TREVOR STALLION FLUFFED his collar, something he felt compelled to do before every meeting and public event. He never got the collars quite right on these suits. Why couldn’t they lay down like the neckless variety on the uniform he wore for sixteen years?

That spoke to the real problem: He hated the fashion. As a Sec Admin deputy, he saw this collar as a symbol of the condescension and bias he felt from the diplomatic and political classes. Ambassador Pousson, the man who almost got Trevor fired a year ago, wore some of the most flamboyant collars. As if the bastard belonged to royalty.

Trevor’s instinct before the swearing-in ceremony: Remain in uniform. Break the mold. Show everyone he’d be a different kind of Governor.

The three most significant women in his life – Effie, Shireena, and President Kieran Haas – pushed back with equal force. They said the job required a less intimidating style. The job was, as they pointed out, often as ceremonial as it was administrative.

Fine. He’d buy a rack of suits but rely on one person’s approval – his best girl.

Trevor spent a day shopping with Ana Marie. Despite her tender age, she developed quite the fashion sense. Almost eight years surrounded by her mother’s associates in the Diplomatic Resolution Corps did the trick.

Ana stood by his side when the President swore him in. He received ample compliments on his black ensemble with green trim.

Sixty days later, pacing at his desk, Trevor sported a teal ensemble with a white ruffled collar. It looked nothing like the combination his predecessor wore, which is why he chose it.

His desk chimed, to which Trevor responded.

“Yes?”

Shireena answered from outside the office.

“He’s here.”

“Early. What a shock. Give me thirty seconds then send him in.”

Trevor pulled back his left sleeve and tapped his wrist plate.

“It’s time,” he said. “I want to thank you for doing this. Give me ten minutes, and I’ll call you forward. Stallion out.”

He checked his suit again, looked around the spacious office – matched in size only by the President’s – and once more could not believe fate brought him here. Elegant furniture for casual confabs and negotiations, his own kiosk and liquor supply, three-dimensional paintings of the station’s interior, and a solid wood antique desk donated by Grandfather Max. Plus an adjacent flat.
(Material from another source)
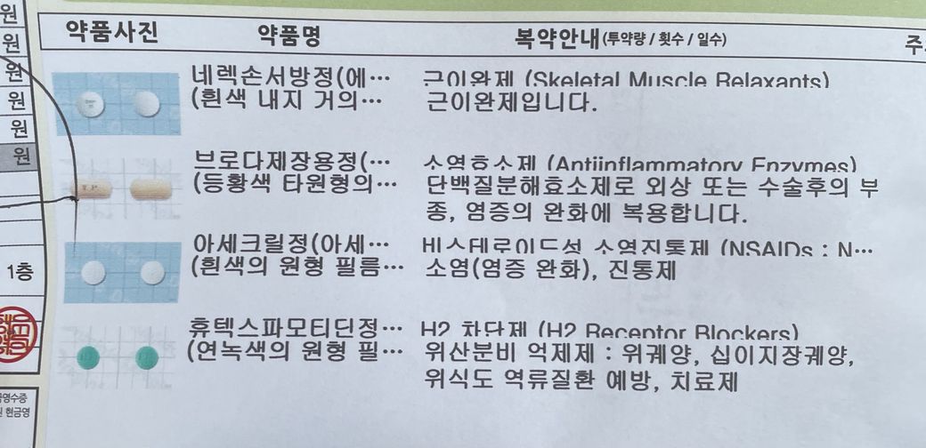 위쪽 처방전은 근육통에 의해서 처방은 받은 것으로 보이고,

Trevor took a casual pose near the liquor display. When the door slid open, he reached for two glasses.

“Stallion,” the visitor said.

“Mr. Murrill. Please, come in.”

Rafe Murrill, once the station’s longest serving Governor, still dressed as if he were entitled to the big desk.

“I was about to have a drink,” Trevor said. “Join me?”

“Straightaway with the mock charity, are you? I see your game, Stallion. And no, I don’t care for a drink.”

Neither did Trevor, but he thought a short whiskey might ease him through the difficulty ahead.